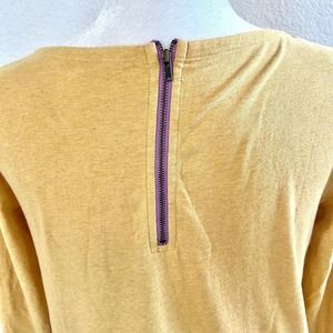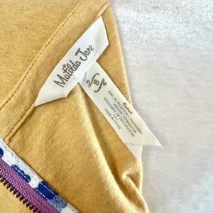 Add some bohemian flair to your wardrobe with this Matilda Jane Weekend Vibes blouse in size small. The yellow mixed floral print and tiered ruffle hem add a playful touch to this tunic-style top. The classic/fitted sleeves and crew neck neckline make it a perfect choice for any casual occasion, whether you're traveling or just running errands. The zip closure at the back adds a touch of detail to this blouse, while the spandex, rayon, and cotton material make it comfortable and machine washable. This blouse is perfect for all seasons, from winter to summer, and features collarless detailing.
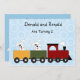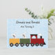 Cute Puppies com um círculo à volta de um olho. Os cachorros gêmeos estão andando em um trem vermelho. Perfeito para os convites de gêmeos. Adequado para meninos, personalize com os detalhes da sua festa.
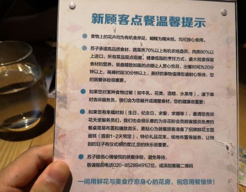 - 餐桌上还贴心提示如是生日、求婚、纪念 日等特别日子,客人可提前致电告知餐厅作特别布置,无怪乎现...
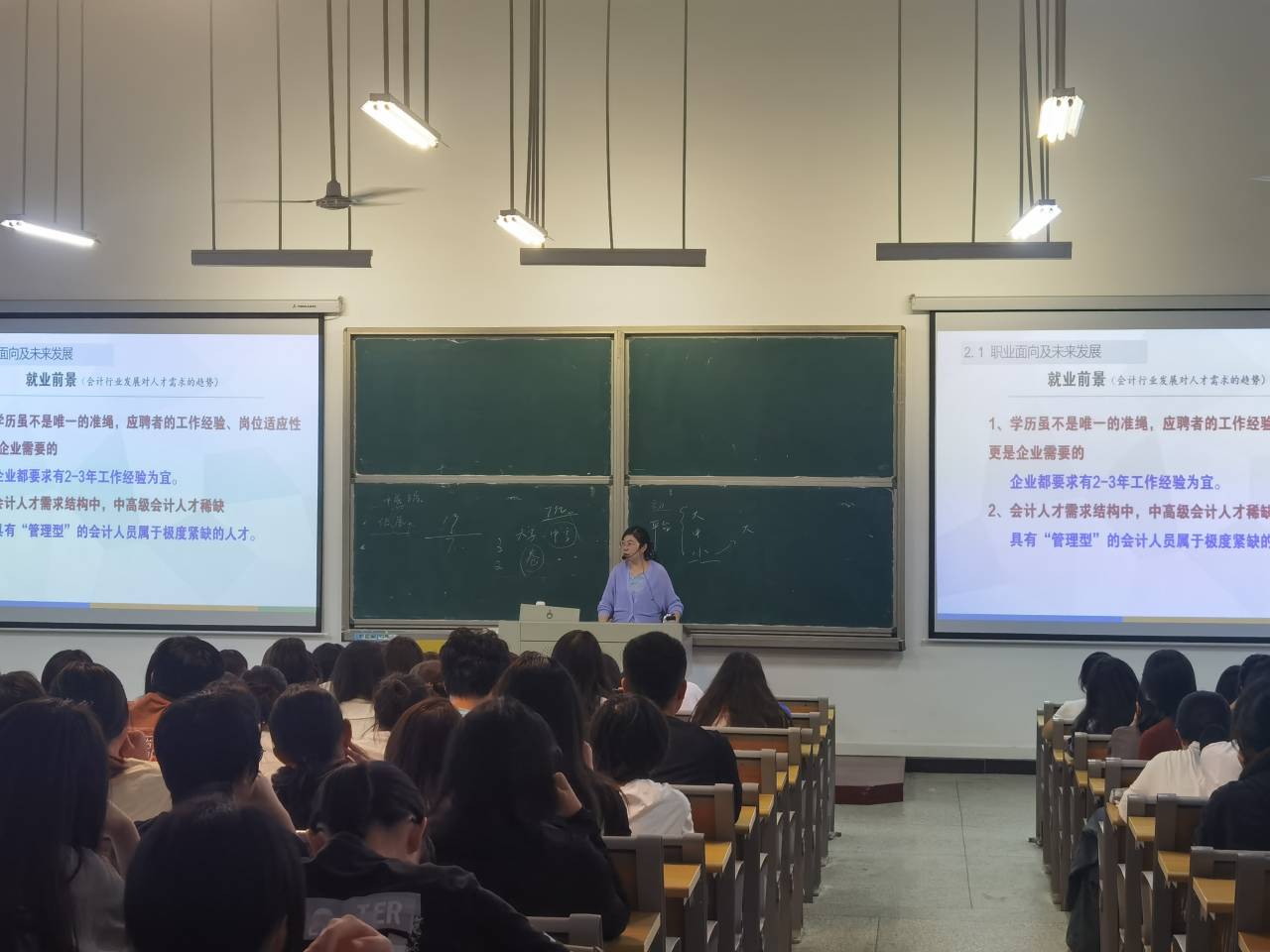 此外,会计教研室吕英老师和电子商务教研室邵敏老师也分别在汇心湖校区南教学楼101教室和109教室为23级会计信息管理专业和电子商务专业的同学们组织开展了主题鲜明的专业思想教育。
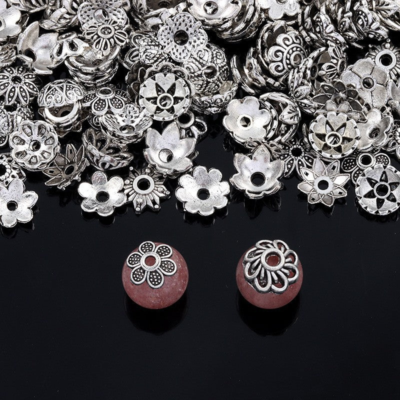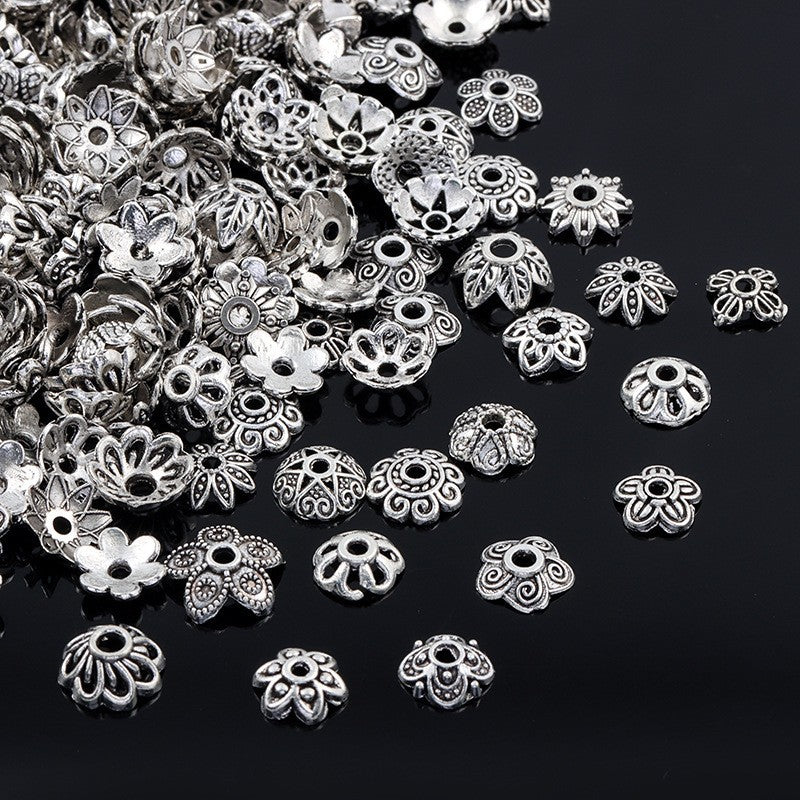 Wholesale Vintage Tibetan Silver Flower Tray Carved Beads Diy Accessories Beads
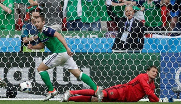 A második félidő elején aztán már gólnak örülhettek az északírek: egy beívelt szabadrúgást
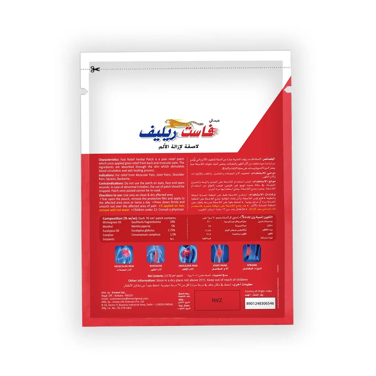 Experience fast and effective pain relief with the Himani Fast Relief Pain Relief Patch! Infused with a powerful blend of natural herbs, this patch provides targeted relief from a variety of aches and pains. The unique formula penetrates quickly to the source of discomfort, delivering a soothing heating and cooling sensation for rapid results in minutes. Say goodbye to muscular pain, backaches, joint pains, body aches, and sprains. The Himani Pain Relief Patch is designed for comfort and convenience. It’s easy to apply and just as easy to peel off, leaving no stains or marks on your skin. The patch contains Eucalyptus oil, Camphor, Thymol, Menthol, and Clove, which are known for their analgesic and anti-inflammatory properties. Get back to your active life with the fast-acting and mess-free relief of the Himani Pain Relief Patch. Each patch is designed for single use and delivers consistent, reliable pain relief wherever you need it most. Keep a pack at home, in your gym bag, or at the office for immediate relief whenever pain strikes. Embrace a pain-free life with Himani Fast Relief!
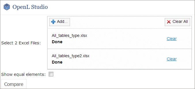 To display tables and other Excel file elements that differ in the selected Excel files, click Compare.
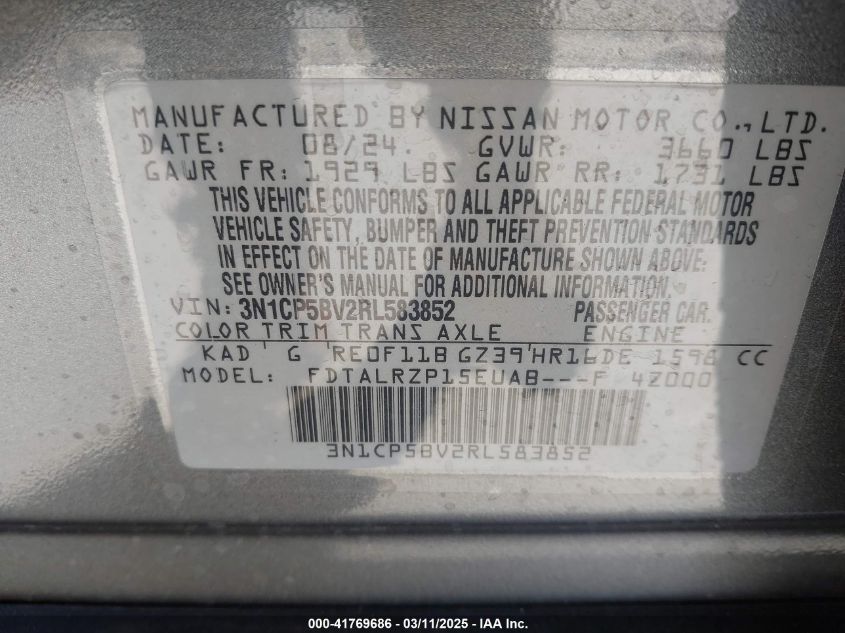2024 NISSAN KICKS 2024 Gasoline, 1.6, Front wheel drive, VIN - 3N1CP5BV2RL****** from the USA
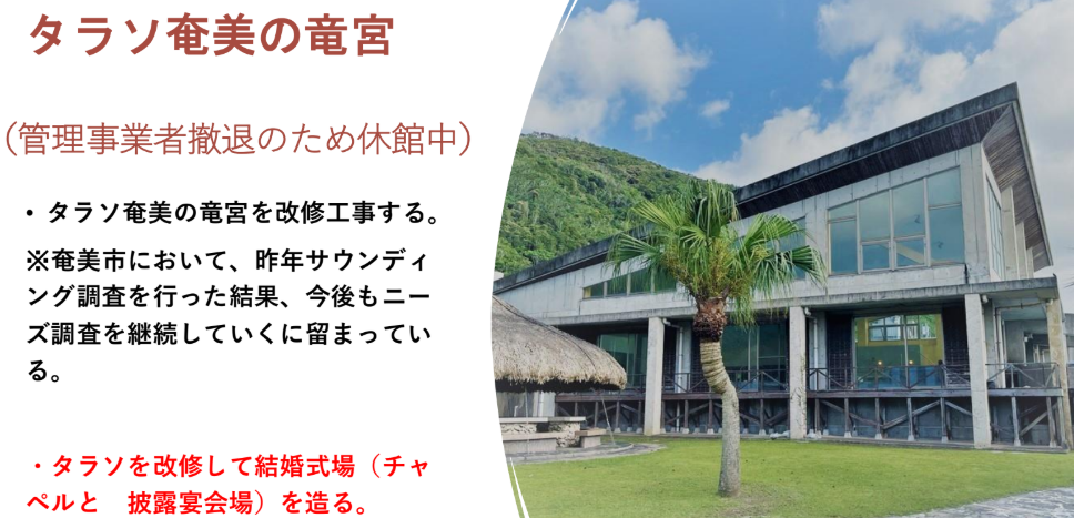 また、結婚式の企画を発表したチームは、アンケートデータを活用したニーズをもとに、立地の利便性や地域の認知度向上、ブランディングや収益性も意識した、日本のハワイと称した奄美諸島での提案を行いました。

++++++++

> **What to produce**
Provide an exact copy of only the lines from the beginning of the entries through the line containing "A második félidő", both ends included, with no pictures.

> **Task response**
 Add some bohemian flair to your wardrobe with this Matilda Jane Weekend Vibes blouse in size small. The yellow mixed floral print and tiered ruffle hem add a playful touch to this tunic-style top. The classic/fitted sleeves and crew neck neckline make it a perfect choice for any casual occasion, whether you're traveling or just running errands. The zip closure at the back adds a touch of detail to this blouse, while the spandex, rayon, and cotton material make it comfortable and machine washable. This blouse is perfect for all seasons, from winter to summer, and features collarless detailing.
 Cute Puppies com um círculo à volta de um olho. Os cachorros gêmeos estão andando em um trem vermelho. Perfeito para os convites de gêmeos. Adequado para meninos, personalize com os detalhes da sua festa.
 - 餐桌上还贴心提示如是生日、求婚、纪念 日等特别日子,客人可提前致电告知餐厅作特别布置,无怪乎现...
 此外,会计教研室吕英老师和电子商务教研室邵敏老师也分别在汇心湖校区南教学楼101教室和109教室为23级会计信息管理专业和电子商务专业的同学们组织开展了主题鲜明的专业思想教育。
 Wholesale Vintage Tibetan Silver Flower Tray Carved Beads Diy Accessories Beads
 A második félidő elején aztán már gólnak örülhettek az északírek: egy beívelt szabadrúgást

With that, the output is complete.